= Transport (recording) =

A transport is a device that handles a particular physical storage medium (such as magnetic tape, audio CD, CD-R, or other type of recordable media) itself, and extracts or records the information to and from the medium, to (and from) an outboard set of processing electronics that the transport is connected to.

A transport houses no electronics itself for encoding and decoding the information recorded to and from a certain format of media. It only extracts and records information to the media, as well as handling mechanical operations for accessing the media itself, such as playing or rewinding a tape, or accessing the tracks on a disc.

An example of a transport for a storage medium would be an audiophile-grade audio CD transport, which houses no digital-to-analog converter (DAC), unlike most ordinary audio CD players. Instead, the audio CD transport is connected to an external DAC via a coaxial (SPDIF) or optical (Toslink) digital audio connection to convert the digital audio information to analog for interfacing to most audio equipment.

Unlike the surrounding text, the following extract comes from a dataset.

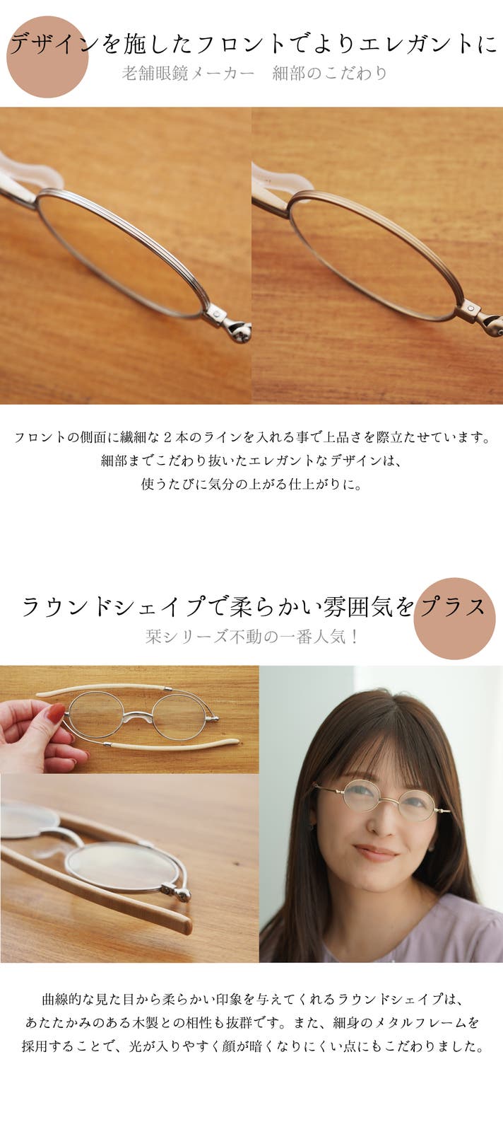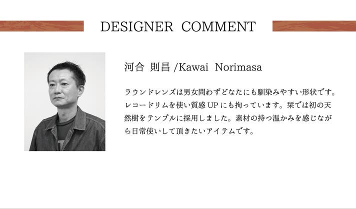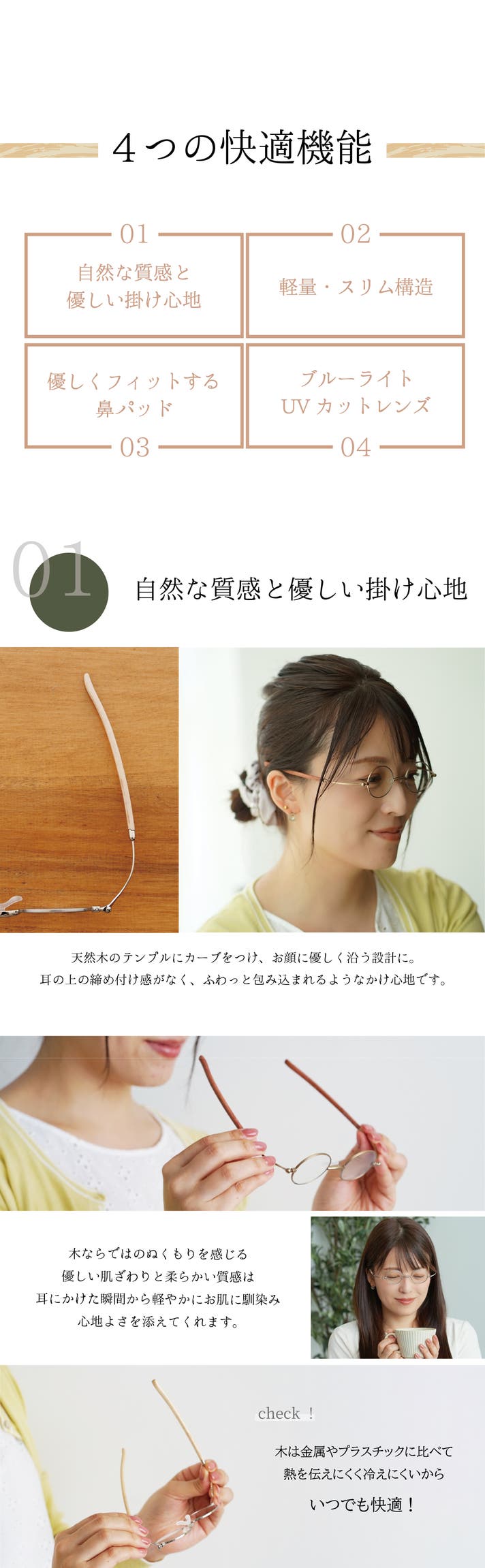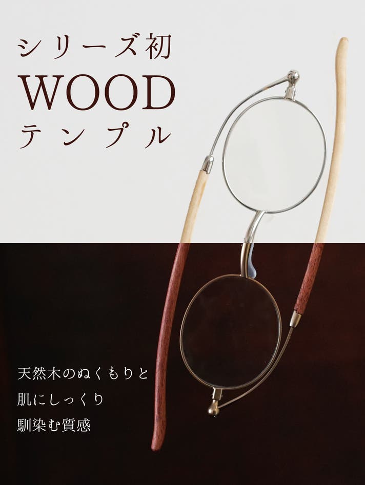 - あたたかみのある天然木のテンプル。優しい肌あたりと柔らかい雰囲気で包み込むような快適さ。

Other examples of transports for recorded media include:

- A 16-track magnetic reel-to-reel tape recorder (using 1" wide tape) manufactured by Honeywell (the model 5600E) that was originally designed for recording instrumentation data, which was adapted for the Soundstream digital audio recording system developed in the mid-70s, and referred to by Soundstream as the "HTD" or Honeywell Tape Drive. It was in this case connected to external digital audio processing hardware (the "DTR", or Digital Tape Recorder, although it housed just the electronics for the HTD) designed by Soundstream,
- The S-VHS videocassette mechanism utilized by ADAT-format multi-track digital audio recorders made by Alesis,
- The Hi8 videocassette mechanism utilized by DTRS-format multi-track digital audio recorders made by Tascam such as the DA-88, and
- A standard video cassette recorder (particularly using U-matic cassettes) used for recording digital audio with a PCM adaptor.